Revolutionary Contact Lenses Utilize Eye Pressure Monitoring to Detect GlaucomaResearchers from Northumbria University in the UK and Boğaziçi University in Turkey have developed contact lenses with embedded sensors that can measure the pressure inside the eye. The information gathered by these lenses is then sent to an ophthalmologist for evaluation, with the hope that they will lead to early diagnosis of glaucoma. Glaucoma is a condition that can cause irreversible vision loss if left untreated.

Glaucoma occurs when the optic nerve, which connects the eye to the brain, is damaged due to increased intraocular pressure (IOP). This pressure is usually caused by a buildup of fluid in the front part of the eye. The problem with glaucoma is that it develops slowly over time, causing harm before any vision loss occurs. By the time it is detected during routine eye tests, the damage may already be done.

However, the collaboration between researchers from Northumbria University and Boğaziçi University has led to the development of contact lenses that can detect fluctuations in IOP. These lenses, called GlakoLens, have been trialed in people and offer several benefits compared to conventional eye exams.

The contact lenses contain an electrically passive sensor embedded in a disposable soft lens made of polydimethylsiloxane (PDMS). Data collected by the lenses is wirelessly transmitted to a wearable electronic readout system, which then processes the information. The processed data is then given to an ophthalmologist for evaluation.

One of the advantages of using GlakoLens is that it allows for easier and more accurate IOP measurements over a longer period of time compared to traditional methods. IOP can vary greatly throughout the day, so continuous monitoring provides better insight into the health of the eyes.

Hamdi Torun, the corresponding author of the study, explained that traditional methods for measuring IOP involve going to a clinic for a single measurement, which can be misleading due to natural variations. Further investigation often requires hospitalization for repeated measurements. In contrast, GlakoLens allows patients to go about their day normally while their IOP measurements are recorded and sent to a doctor for analysis after a 24-hour testing period.

The researchers tested the contact lenses on six healthy volunteers who intentionally increased their IOP by drinking water and lying flat. The data collected by the lenses in the left eye was compared to IOP measurements taken in the right eye without the lens. The findings showed that the contact lens sensors responded to the effects of water loading, and the measurements were consistent with those taken by the device.

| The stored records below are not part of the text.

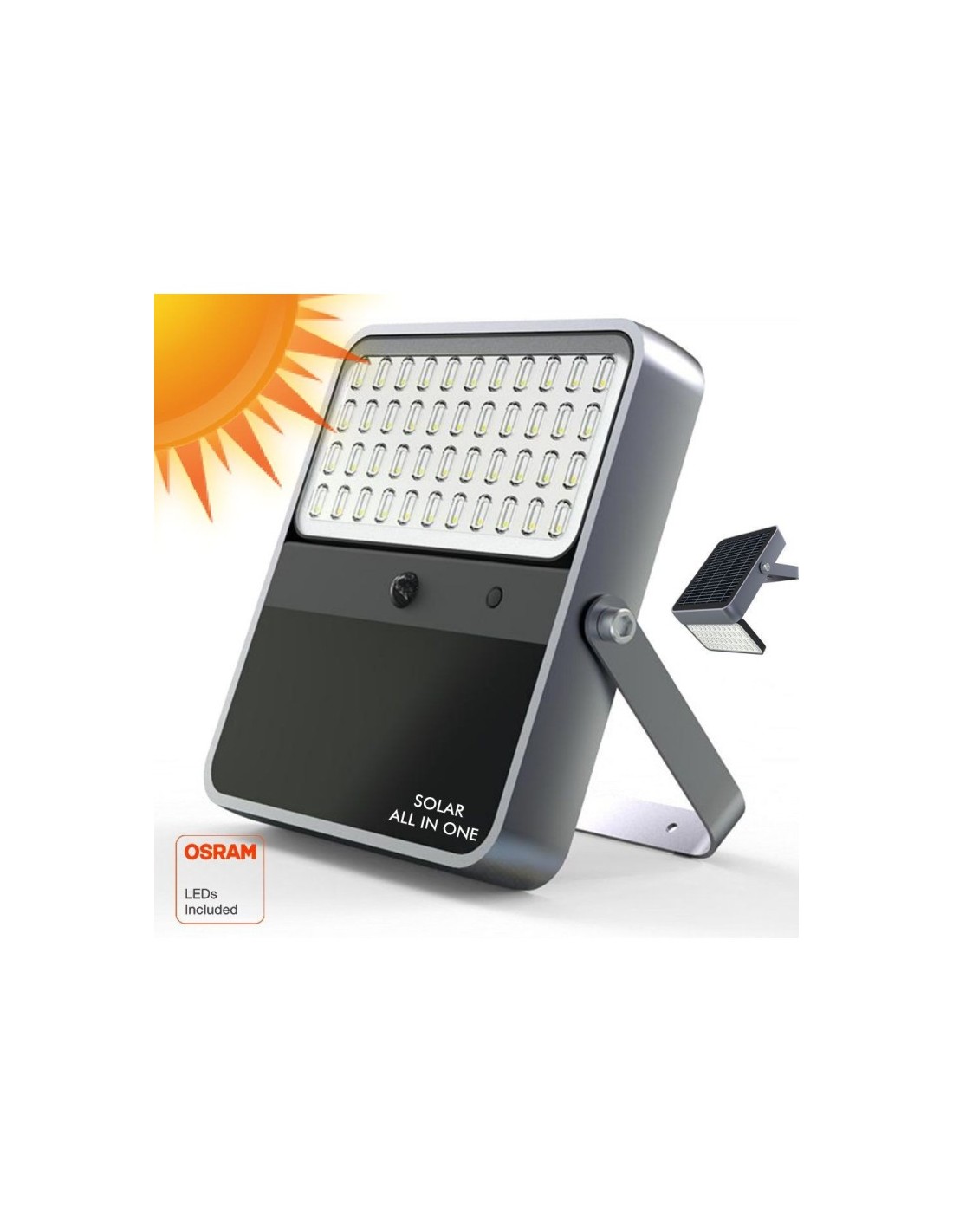 Solar-LED-Strahler ALL IN ONE - 100W CHIP OSRAM - mit kühlem weißen Licht 5700k, ohne die Notwendigkeit für elektrischen Strom, völlig autonom mit polykristallinen Solarpanel.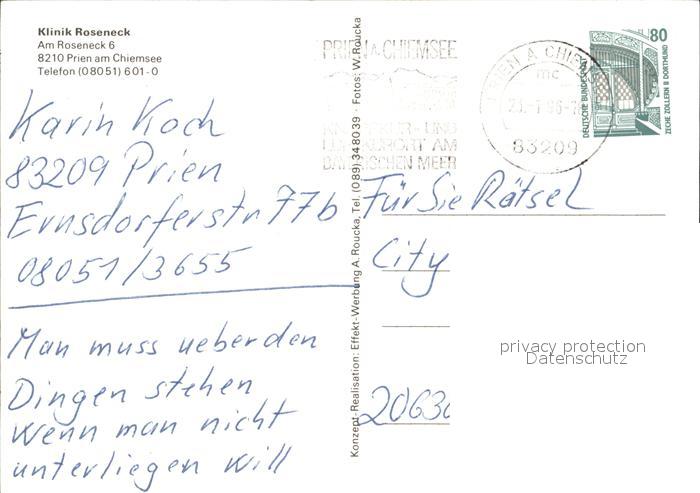 72412430 alte Postkarte Prien Chiemsee Klinik Roseneck Schwimmhalle postalisch gelaufen Erhaltung siehe scans KatCode: 11110009187162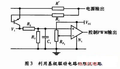 在一般情況下,利用基極驅(qū)動(dòng)電路將電源的控制電路和開(kāi)關(guān)晶體管隔離開(kāi)??刂齐娐放c輸出電路共地,限流電路可以直接與輸出電路連接,工作原理如圖3所示,當(dāng)輸出過(guò)載或者短路時(shí),V1導(dǎo)通,R3兩端電壓增大,并與比較器反相端的基準(zhǔn)電壓比較??刂芇WM信號(hào)通斷。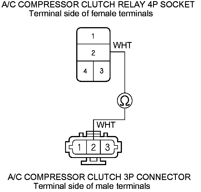 23. Check for continuity between A/C compressor clutch relay 4P socket terminal No. 2 and A/C compressor clutch 3P connector terminal No. 2.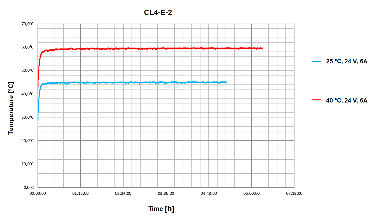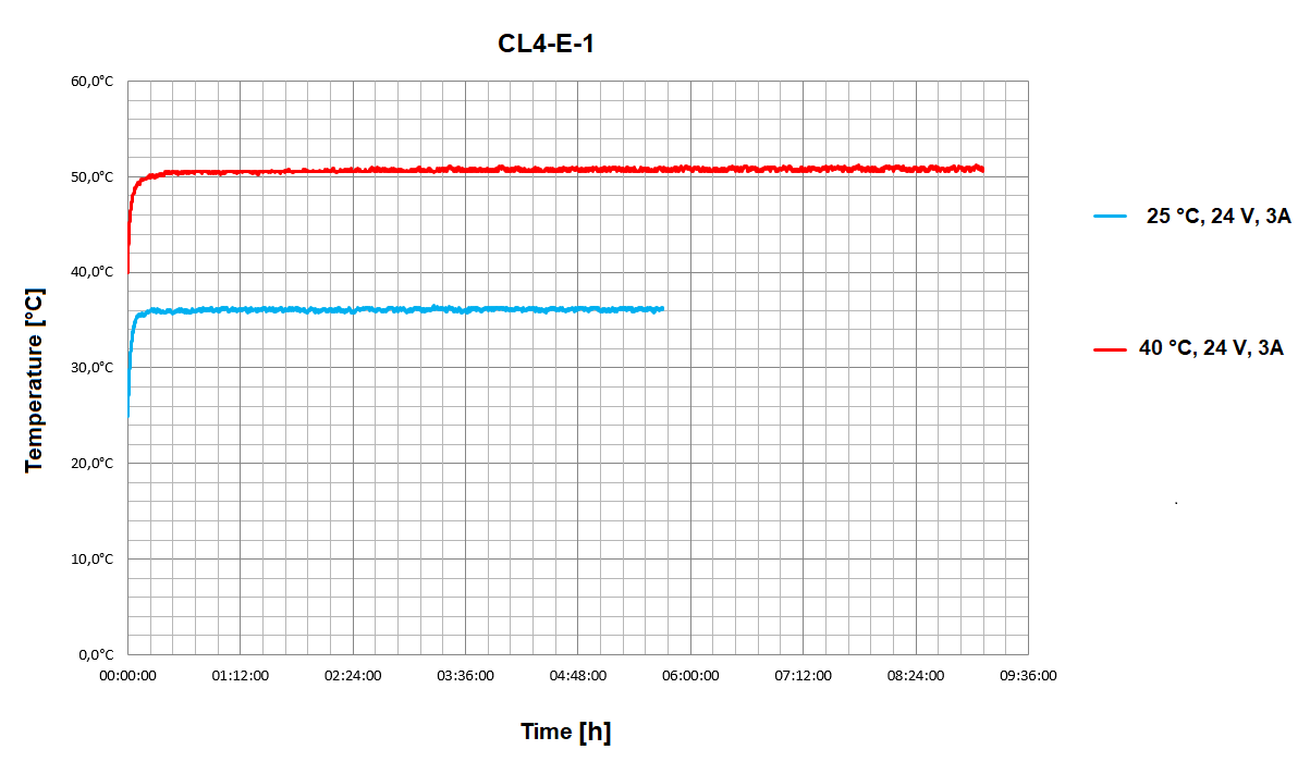 Overtemperature protection Above a temperature of approx. 75°C on the power board the power part of the controller switches off and the error bit is set (see objects 1001h and 1003h). After cooling down and confirming the error (see table for the controlword, "Fault reset"), the controller again functions normally. The following temperature test results provide information on the temperature behavior of this controller. Temperature tests are performed under the following conditions: Operating voltage: 24 V DC Motor current: 3 A (CL4-E-1-xx low current)/6 A (CL4-E-2-xx high current) rms Operation mode: Velocity Mode, full step, 30 rpm Ambient temperature: 25 °C / 45 °C Altitude of site: 500 m above sea level No external cooling in the climatic chamber, e. g., via fan The following graphics show the results of the temperature tests: Note: Aside from the motor, the exact temperature behavior is also dependent on the flange connection and the heat transfer there as well as on the convection in the application. For this reason, we recommend always performing an endurance test in the actual environment for applications in which current level and ambient temperature pose a problem.

Further experiments using larger groups of healthy individuals will be conducted to assess the accuracy and reliability of the sensors. The researchers also plan to optimize the comfort and non-invasiveness of the contact lenses in future iterations.

While these contact lenses are not the first to detect glaucoma, they offer unique advantages. Previous lenses used electrically active silicon chips, resulting in thicker and less comfortable lenses that restricted vision. GlakoLens, on the other hand, uses an electrically passive sensor and soft contact lens, ensuring greater comfort for wearers.

In addition to diagnosing glaucoma, the researchers believe that their lenses could be used to detect other health conditions by measuring molecules such as glucose and lactic acid present in the eye.

The study was published in the journal Contact Lens and Anterior Eye, and the lenses are expected to be commercially available through the spin-off company GlakoLens. The researchers believe that this technology has the potential to not only save the sight of patients in the early stages of glaucoma but also provide early diagnosis for other diseases in the future.